PyXAI also allows to save and load instances. To this purpose, we use the get_instances method.

<Learner Object>.get_instances(model=None, indexes=Indexes.All, *, dataset=None, n=None, correct=None, predictions=None, save_directory=None, instances_id=None):
Returns the instances in a `Tuple`. Each instance is with the prediction of the model or alone depending on whether the model is specified or not (model=None). An instance is represented by a `numpy.array` object. Note that when the number of instances requested is 1 (n=1), the method just returns the instance and not a `Tuple` of instances.
model `DecisionTree` `RandomForest` `BoostedTrees`: The model computed by the `evaluation` method.
indexes `Learning.TRAINING` `Learning.TEST` `Learning.MIXED` `Learning.ALL` `String`: Allows one to get instances from a subset consisting of the training instances (`Learning.TRAINING`) or of the test instances (`Learning.TEST`) or of both them by giving priority to training instances (`Learning.MIXED`). By default set to `Learning.ALL` that takes into account all instances. Finally, when the indexes parameter is a `String`, this parameter represents a file containing indexes and the method loads the associated instances.
dataset `String` `pandas.DataFrame`: In some situations, this method needs the dataset (Optional).
n `Integer`: The wanted number of instances (None for all).
correct `None` `True` `False`: Only available if a model is given, selects by default all instances (`None`) or only correctly classified instances by the model (`True`) or only misclassified instances by the model (`False`)
predictions `None` `List of Integer`: Only available if a model is given. Selects by default all instances (`None`) or a `List of Integer`representing the desired classes/labels of instances to select.
save_directory `None` `String`: Saves the instance indexes into a file inside the directory given by this parameter.
instances_id `None` `Integer`: To add an identifier into the name of the saved file with the `save_directory` parameter or useful to load instances using the `indexes parameter`.

On the one hand, to save instances (more precisely, the indexes of the intances), we use the parameters save_directory and instances_id. On the other hand, to load them, we use the indexes and instances_id parameters.

In this example, for each of the two models, the indexes of 10 instances of the test set are save into the try_save directory:

for id, model in enumerate(models):
    instances = learner.get_instances(
      dataset="../dataset/compas.csv",
      indexes=Learning.TEST, 
      n=10, 
      model=model, 
      save_directory="try_save",
      instances_id=id)

---------------   Instances   ----------------
Indexes of selected instances saved in: try_save/compas.0.instances
number of instances selected: 10
----------------------------------------------
---------------   Instances   ----------------
Indexes of selected instances saved in: try_save/compas.1.instances
number of instances selected: 10
----------------------------------------------

If the dataset has never been loaded, get_instances does not load it completely and reads only the necessary indexes in the dataset.

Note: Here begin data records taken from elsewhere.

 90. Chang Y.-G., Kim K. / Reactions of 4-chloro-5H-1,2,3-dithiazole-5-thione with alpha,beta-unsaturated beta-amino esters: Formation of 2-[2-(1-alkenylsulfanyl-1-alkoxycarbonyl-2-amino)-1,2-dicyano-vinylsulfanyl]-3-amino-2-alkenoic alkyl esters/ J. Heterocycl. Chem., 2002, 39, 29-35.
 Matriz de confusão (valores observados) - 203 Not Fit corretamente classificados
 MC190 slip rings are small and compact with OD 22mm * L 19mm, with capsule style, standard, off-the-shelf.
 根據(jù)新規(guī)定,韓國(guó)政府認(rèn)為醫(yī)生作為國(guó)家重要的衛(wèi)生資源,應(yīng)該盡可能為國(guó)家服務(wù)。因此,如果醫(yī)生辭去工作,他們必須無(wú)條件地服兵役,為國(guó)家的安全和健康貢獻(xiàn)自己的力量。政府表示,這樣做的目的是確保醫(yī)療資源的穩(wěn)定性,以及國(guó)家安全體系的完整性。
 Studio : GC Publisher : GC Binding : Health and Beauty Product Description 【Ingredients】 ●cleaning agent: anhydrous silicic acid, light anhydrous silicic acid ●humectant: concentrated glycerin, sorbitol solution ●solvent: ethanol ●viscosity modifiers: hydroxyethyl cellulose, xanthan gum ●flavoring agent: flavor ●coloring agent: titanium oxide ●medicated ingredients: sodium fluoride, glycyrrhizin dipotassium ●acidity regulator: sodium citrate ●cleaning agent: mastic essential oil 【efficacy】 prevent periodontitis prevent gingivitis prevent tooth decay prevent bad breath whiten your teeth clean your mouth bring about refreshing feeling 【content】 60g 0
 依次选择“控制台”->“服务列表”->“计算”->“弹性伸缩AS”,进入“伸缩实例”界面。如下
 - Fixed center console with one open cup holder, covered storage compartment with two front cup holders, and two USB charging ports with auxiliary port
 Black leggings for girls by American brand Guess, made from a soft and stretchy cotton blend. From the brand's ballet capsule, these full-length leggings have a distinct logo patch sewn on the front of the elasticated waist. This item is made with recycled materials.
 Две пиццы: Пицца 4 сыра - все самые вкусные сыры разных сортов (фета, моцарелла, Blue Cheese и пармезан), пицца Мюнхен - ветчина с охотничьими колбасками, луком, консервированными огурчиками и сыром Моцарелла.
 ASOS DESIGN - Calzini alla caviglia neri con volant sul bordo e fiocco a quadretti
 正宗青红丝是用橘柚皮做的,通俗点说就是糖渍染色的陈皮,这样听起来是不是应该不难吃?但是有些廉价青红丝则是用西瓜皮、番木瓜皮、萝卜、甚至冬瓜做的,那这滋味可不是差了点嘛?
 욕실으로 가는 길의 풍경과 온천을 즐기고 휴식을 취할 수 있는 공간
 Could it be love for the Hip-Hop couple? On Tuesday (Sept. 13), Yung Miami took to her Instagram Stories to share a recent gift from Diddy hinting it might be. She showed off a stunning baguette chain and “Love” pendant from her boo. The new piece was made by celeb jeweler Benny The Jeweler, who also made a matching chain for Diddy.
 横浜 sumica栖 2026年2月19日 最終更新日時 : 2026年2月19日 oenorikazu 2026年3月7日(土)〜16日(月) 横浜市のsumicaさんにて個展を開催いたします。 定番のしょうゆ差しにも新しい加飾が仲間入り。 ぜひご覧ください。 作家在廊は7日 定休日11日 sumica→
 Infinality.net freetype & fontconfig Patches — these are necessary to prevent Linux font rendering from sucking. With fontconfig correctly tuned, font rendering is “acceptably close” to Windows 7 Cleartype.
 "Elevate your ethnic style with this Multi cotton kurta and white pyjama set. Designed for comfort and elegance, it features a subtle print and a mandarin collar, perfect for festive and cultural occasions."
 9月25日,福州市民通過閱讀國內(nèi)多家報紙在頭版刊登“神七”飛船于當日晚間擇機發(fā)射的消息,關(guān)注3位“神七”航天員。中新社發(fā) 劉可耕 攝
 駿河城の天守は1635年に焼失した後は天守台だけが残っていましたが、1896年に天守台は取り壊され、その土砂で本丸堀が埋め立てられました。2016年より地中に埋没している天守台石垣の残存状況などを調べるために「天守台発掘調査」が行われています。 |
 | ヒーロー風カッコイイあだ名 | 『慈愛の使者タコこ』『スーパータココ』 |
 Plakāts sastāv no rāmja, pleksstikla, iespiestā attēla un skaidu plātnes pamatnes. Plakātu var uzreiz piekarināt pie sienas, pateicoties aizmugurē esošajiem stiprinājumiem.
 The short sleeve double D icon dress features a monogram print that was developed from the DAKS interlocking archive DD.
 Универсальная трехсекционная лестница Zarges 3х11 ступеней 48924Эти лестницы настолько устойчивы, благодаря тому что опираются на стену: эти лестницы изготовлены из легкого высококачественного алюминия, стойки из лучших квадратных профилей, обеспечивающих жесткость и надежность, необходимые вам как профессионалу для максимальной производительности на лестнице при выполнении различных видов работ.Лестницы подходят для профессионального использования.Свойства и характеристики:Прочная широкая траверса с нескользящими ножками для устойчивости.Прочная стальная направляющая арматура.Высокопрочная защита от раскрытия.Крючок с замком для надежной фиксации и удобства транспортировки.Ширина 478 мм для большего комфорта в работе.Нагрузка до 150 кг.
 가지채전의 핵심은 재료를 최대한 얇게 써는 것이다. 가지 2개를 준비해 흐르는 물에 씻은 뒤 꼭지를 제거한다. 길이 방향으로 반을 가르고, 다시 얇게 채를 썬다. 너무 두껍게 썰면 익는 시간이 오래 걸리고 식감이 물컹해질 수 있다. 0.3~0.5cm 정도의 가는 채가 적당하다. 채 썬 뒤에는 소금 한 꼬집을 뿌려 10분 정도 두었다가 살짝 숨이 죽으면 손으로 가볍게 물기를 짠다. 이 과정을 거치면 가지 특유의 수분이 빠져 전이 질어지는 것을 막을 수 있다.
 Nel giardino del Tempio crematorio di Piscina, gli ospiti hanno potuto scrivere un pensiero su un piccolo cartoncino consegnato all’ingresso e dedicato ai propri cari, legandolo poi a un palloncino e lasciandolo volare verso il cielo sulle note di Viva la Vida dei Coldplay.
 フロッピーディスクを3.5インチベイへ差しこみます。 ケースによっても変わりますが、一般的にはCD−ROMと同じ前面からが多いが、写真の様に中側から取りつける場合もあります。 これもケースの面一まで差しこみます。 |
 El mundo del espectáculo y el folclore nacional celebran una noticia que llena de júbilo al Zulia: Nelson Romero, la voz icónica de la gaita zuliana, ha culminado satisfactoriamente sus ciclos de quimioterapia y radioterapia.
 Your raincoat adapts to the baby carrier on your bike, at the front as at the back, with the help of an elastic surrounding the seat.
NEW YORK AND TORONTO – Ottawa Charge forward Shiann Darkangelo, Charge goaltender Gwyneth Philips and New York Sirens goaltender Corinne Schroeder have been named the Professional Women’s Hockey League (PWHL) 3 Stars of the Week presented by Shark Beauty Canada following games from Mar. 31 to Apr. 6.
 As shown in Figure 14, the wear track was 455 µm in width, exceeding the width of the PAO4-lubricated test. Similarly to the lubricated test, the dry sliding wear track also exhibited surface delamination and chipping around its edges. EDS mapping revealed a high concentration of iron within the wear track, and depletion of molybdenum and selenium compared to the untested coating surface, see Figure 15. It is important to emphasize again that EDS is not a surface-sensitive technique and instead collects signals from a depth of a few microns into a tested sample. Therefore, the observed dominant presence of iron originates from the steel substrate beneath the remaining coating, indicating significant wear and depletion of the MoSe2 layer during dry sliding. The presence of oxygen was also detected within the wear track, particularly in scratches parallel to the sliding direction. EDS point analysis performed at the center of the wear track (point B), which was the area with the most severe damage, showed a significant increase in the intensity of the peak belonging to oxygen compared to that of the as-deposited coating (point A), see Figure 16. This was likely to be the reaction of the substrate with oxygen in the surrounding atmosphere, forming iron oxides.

Later, in another program, you can load the same instances using these instructions:

for id, model in enumerate(models):
    instances = learner.get_instances(
      dataset="../dataset/compas.csv",
      indexes="try_save", 
      model=model, 
      instances_id=id)

---------------   Instances   ----------------
Loading instances file: try_save/compas.0.instances
number of instances selected: 10
----------------------------------------------
---------------   Instances   ----------------
Loading instances file: try_save/compas.1.instances
number of instances selected: 10
----------------------------------------------

More information about the get_instances method is given in the Generating Models pages.